Furthermore, in the above embodiment, EGR is cut in a high load region, but this is done to prevent knocking, since an increase in intake air temperature caused by exhaust gas tends to cause knocking. In an engine that performs supercharging, the exhaust control valve 16 may be opened. On the other hand, the second exhaust port 10 upstream of the exhaust control valve 16 of each cylinder 2 in a multi-cylinder engine may be communicated through a communication path to improve the distribution of exhaust gas between cylinders.

(Effects of the Invention) According to the present invention as described above, the valve overlap period with the intake valve is set to be large for one of the plurality of exhaust valves for the cylinder, and the valve overlap period with the intake valve is set to be large. While introducing υ gas from the exhaust port, an exhaust control valve for adjusting the amount of exhaust gas introduced into the combustion chamber is provided at the exhaust port corresponding to the exhaust valve with a large valve overlap period.
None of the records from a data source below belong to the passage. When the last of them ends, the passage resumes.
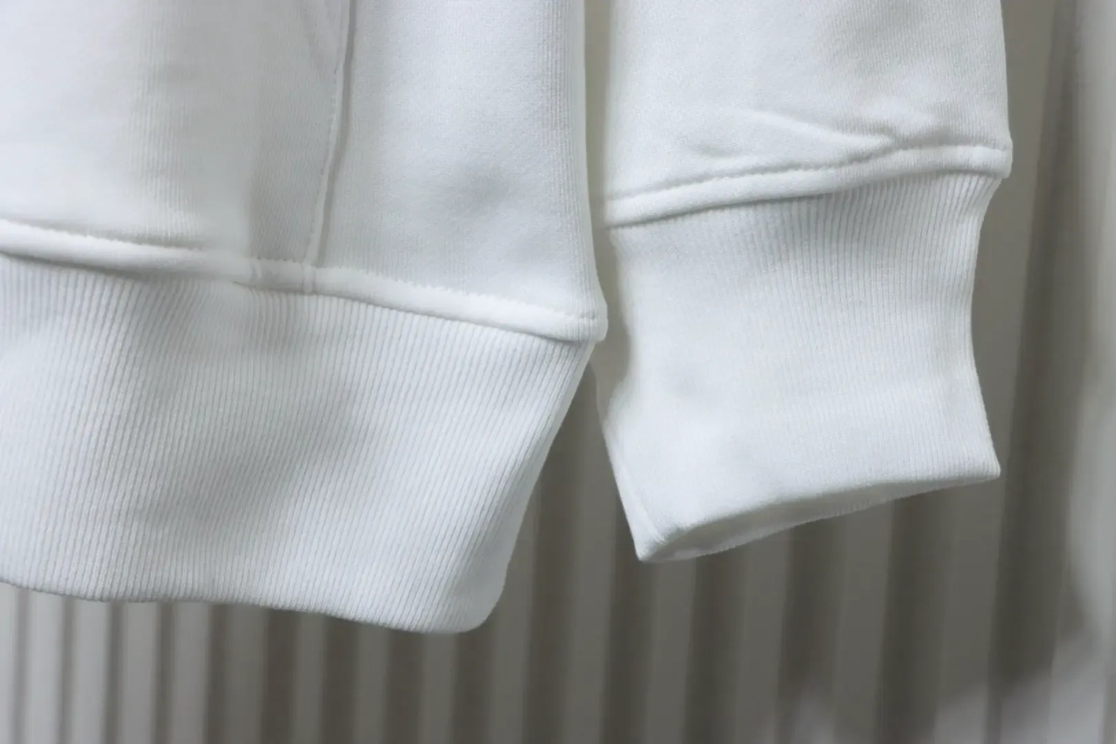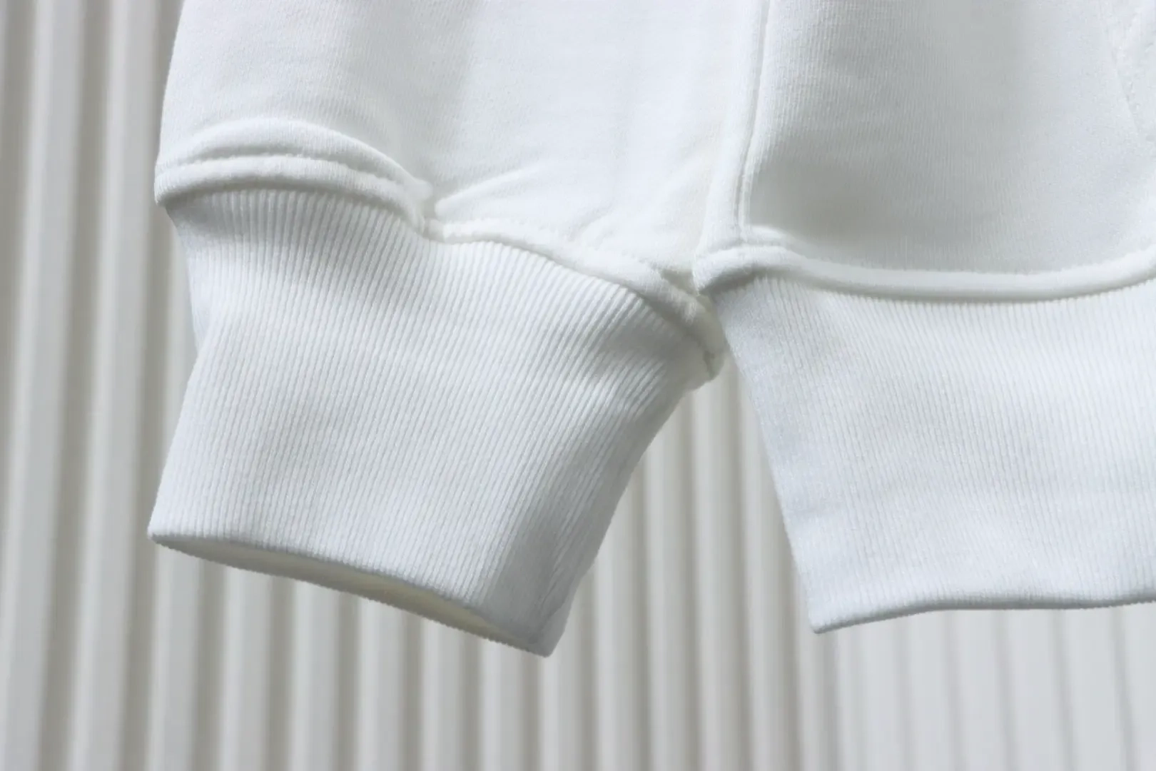 - The white body is simple and uncluttered, featuring a drawstring hood and textured metal perforations.
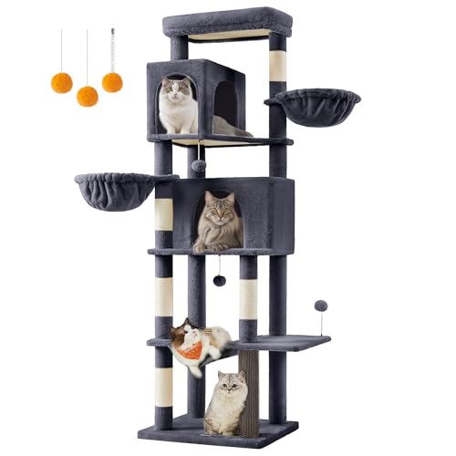 VOUNOT Large Cat Tree 168 cm Cat Tower with Scratching Posts, Multi-Level Cat Climbing Frame with 2 Condos, 3 Perches and Dangling Balls, Cat Activity Centre for Indoor, Grey
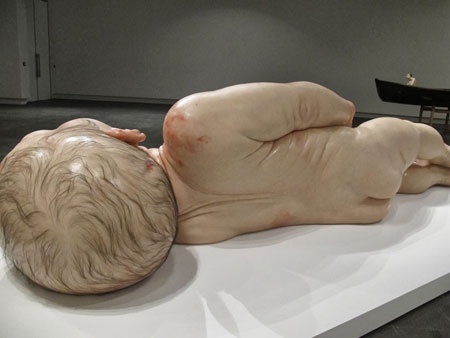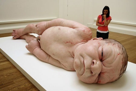 A Londonban élő ausztrál szobrász, Ron Mueck, miután megunta a modellkészítést és azt, hogy gyerekeknek szóló tévéműsorokhoz és filmekhez bábokat készítsen, 1996-ban úgy döntött, valami egészen új dologba vág bele. Művészetét innentől kezdve gyantával, üvegszállal, szilikonnal és még számtalan más alapanyaggal kezdte kifejezni, méghozzá egészen brutális módon életszerű szobrok készítésével.
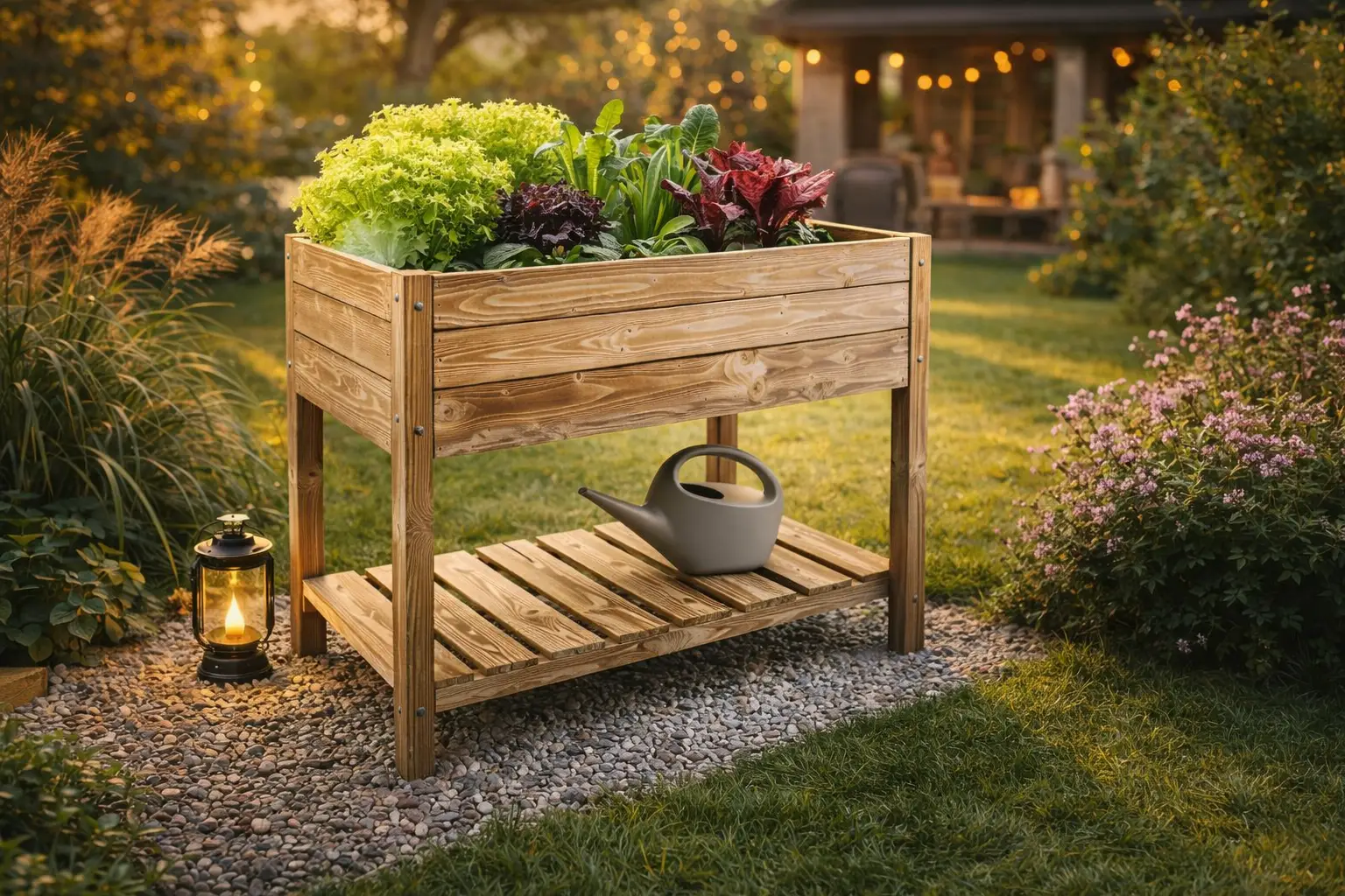 Dieses robuste Hochbeet wurde aus natürlichen Materialien gefertigt und bietet Ihnen die ideale Umgebung, um Ihre Pflanzen gesund und kräftig gedeihen zu lassen. Mit seiner großzügigen Größe haben Sie ausreichend Platz für eine Vielzahl von Gemüse, Kräutern und Blumen.
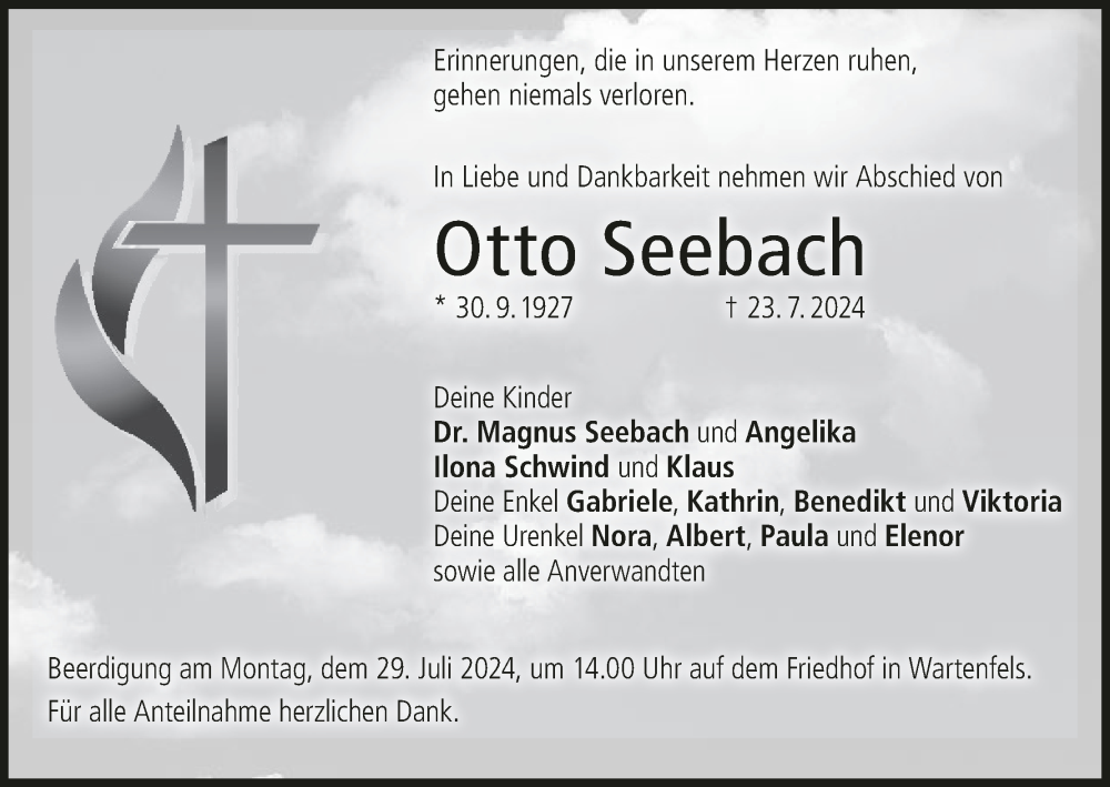 Hier finden Sie alle Traueranzeigen aus der Zeitung, die bisher für Otto Seebach erschienen sind. Weitere Traueranzeigen, die in der Zeitung erscheinen, werden hier ebenfalls aufgelistet
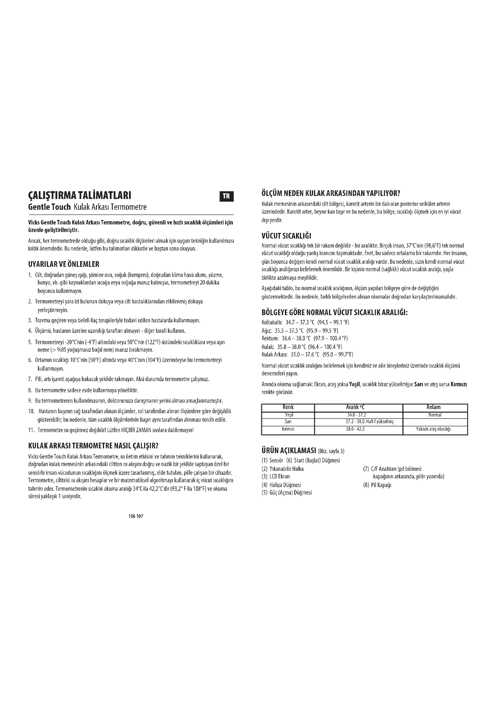 Normal vücut sıcaklığı tek bir rakam değildir - bir aralıktır. Birçok insan, 37°C’nin (98,6°F) tek normal vücut sıcaklığı olduğu yanlış inancını taşımaktadır. Evet, bu sadece ortalama bir rakamdır. Her insanın, gün boyunca değişen kendi normal vücut sıcaklık aralığı vardır. Bu nedenle, sizin kendi normal vücut sıcaklığı aralığınızı belirlemek önemlidir. Bir kişinin normal (sağlıklı) vücut sıcaklık aralığı, yaşla birlikte azalmaya meyillidir. Aşağıdaki tablo, bu normal sıcaklık aralığının, ölçüm yapılan bölgeye göre de değiştiğini göstermektedir. Bu nedenle, farklı bölgelerden alınan okumalar doğrudan karşılaştırılmamalıdır. BÖLGEYE GÖRE NORMAL VÜCUT SICAKLIK ARALIĞI: Koltukaltı: 34.7 – 37.3 °C (94.5 – 99.1 °F) Ağız: 35.5 – 37.5 °C (95.9 – 99.5 °F) Rektum: 36.6 – 38.0 °C (97.9 – 100.4 °F) Kulak: 35.8 – 38.0 °C (96.4 – 100.4 °F) Kulak Arkası: 35.0 – 37.6 °C (95.0 – 99.7°F) Normal vücut sıcaklık aralığını belirlemek için kendiniz ve aile bireyleriniz üzerinde sıcaklık ölçümü denemeleri yapın. Anında okuma sağlamak: Ekran, ateş yoksa Yeşil, sıcaklık biraz yükselmişse Sarı ve ateş varsa Kırmızı renkte görünür. ÜRÜN AÇIKLAMASI (Bkz. sayfa 3) (1) Sensör (6) Start (Başlat) Düğmesi (2) Yıkanabilir Halka (7) C/F Anahtarı (pil bölmesi (3) LCD Ekran kapağının arkasında, pilin yanında) (4) Hafıza Düğmesi (8) Pil Kapağı (5) Güç (Açma) Düğmesi Renk Aralık ºC Anlam Yeşil 34.0 - 37.2 Normal Sarı 37.2 - 38.0 Ha f yükselmiş Kırmızı 38.0 - 42.2 Yüksek ateş olasılığı108 109
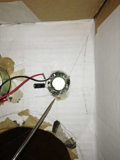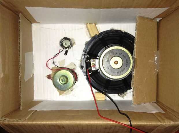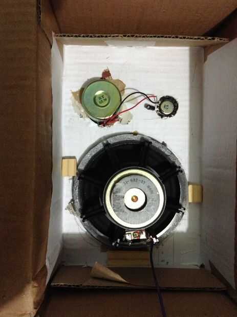 Ponga el altavoz cuidadosamente... y pegar dentro con pegamento caliente

By configuring the diameter of the exhaust port provided with the control valve to be smaller than other exhaust ports, when the exhaust control valve is closed, such as when idling, the exhaust port for this exhaust control valve has a small diameter. , its volume is small, and by reducing the amount of exhaust gas flowing in and out, it lowers the internal EGR rate and improves combustion stability, ensuring good drivability. It is possible to adjust the EGR rate with a simple structure and with high accuracy depending on the situation.

[Brief explanation of the drawing]

Fig. 1 is a conceptual diagram of an engine combustion control device according to an embodiment of the present invention, Fig. 2 is a characteristic diagram showing an example of valve timing settings, and Fig. 3 is an example of opening/closing control of exhaust and intake control valves depending on the load. FIG. 4 is a characteristic diagram showing an example of opening/closing control of exhaust and intake control valves with respect to engine speed. 1...Engine, 2...Cylinder, 5.6
...Exhaust valve, 9.10...Exhaust port, 13...Exhaust passage, 16...Exhaust control valve, 19...Control unit. Figure 1 Figure 2 Figure 3 Figure 4

Claims (1)

[Claims] (1) Each cylinder has multiple exhaust valves, and at least one of them has a large valve overlap period with the intake valve to introduce exhaust gas from the exhaust port into the combustion chamber into the intake stroke. An exhaust control valve that adjusts the amount of exhaust gas introduced into the combustion chamber is provided at the exhaust port corresponding to the exhaust valve with a large overlap period set, and the diameter of the exhaust port equipped with the exhaust control valve is set to the other exhaust port. An engine combustion control device characterized by being set smaller than.